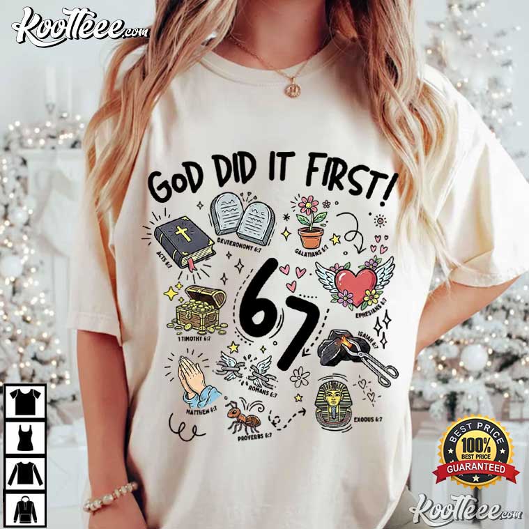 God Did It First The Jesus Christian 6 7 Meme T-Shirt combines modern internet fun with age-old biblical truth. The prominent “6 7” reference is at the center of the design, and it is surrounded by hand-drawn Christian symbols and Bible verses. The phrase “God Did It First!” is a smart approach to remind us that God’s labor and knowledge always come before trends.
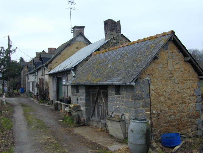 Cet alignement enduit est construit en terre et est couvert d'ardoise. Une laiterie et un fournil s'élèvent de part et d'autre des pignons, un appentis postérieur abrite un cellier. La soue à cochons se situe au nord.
---
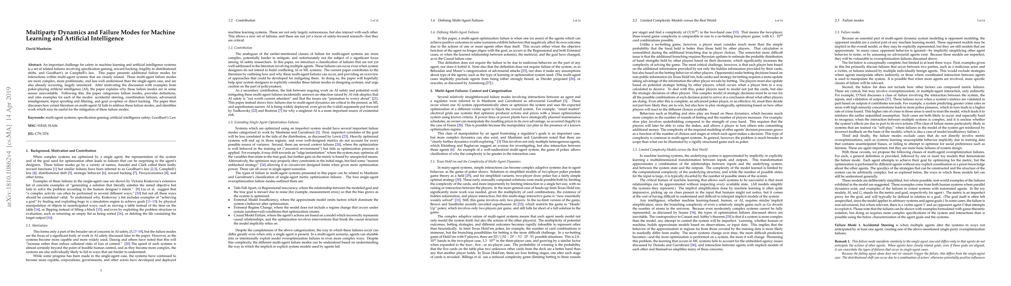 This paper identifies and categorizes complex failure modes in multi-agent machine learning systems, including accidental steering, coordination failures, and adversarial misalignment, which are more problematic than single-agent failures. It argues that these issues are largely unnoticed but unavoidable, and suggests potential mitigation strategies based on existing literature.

*Task statement:* Retype, exactly and with no pictures, everything above from the line with "God Did It First The" down to the line with "Cet alignement enduit", both included.

*Answer for this exercise:*
 God Did It First The Jesus Christian 6 7 Meme T-Shirt combines modern internet fun with age-old biblical truth. The prominent “6 7” reference is at the center of the design, and it is surrounded by hand-drawn Christian symbols and Bible verses. The phrase “God Did It First!” is a smart approach to remind us that God’s labor and knowledge always come before trends.
 Cet alignement enduit est construit en terre et est couvert d'ardoise. Une laiterie et un fournil s'élèvent de part et d'autre des pignons, un appentis postérieur abrite un cellier. La soue à cochons se situe au nord.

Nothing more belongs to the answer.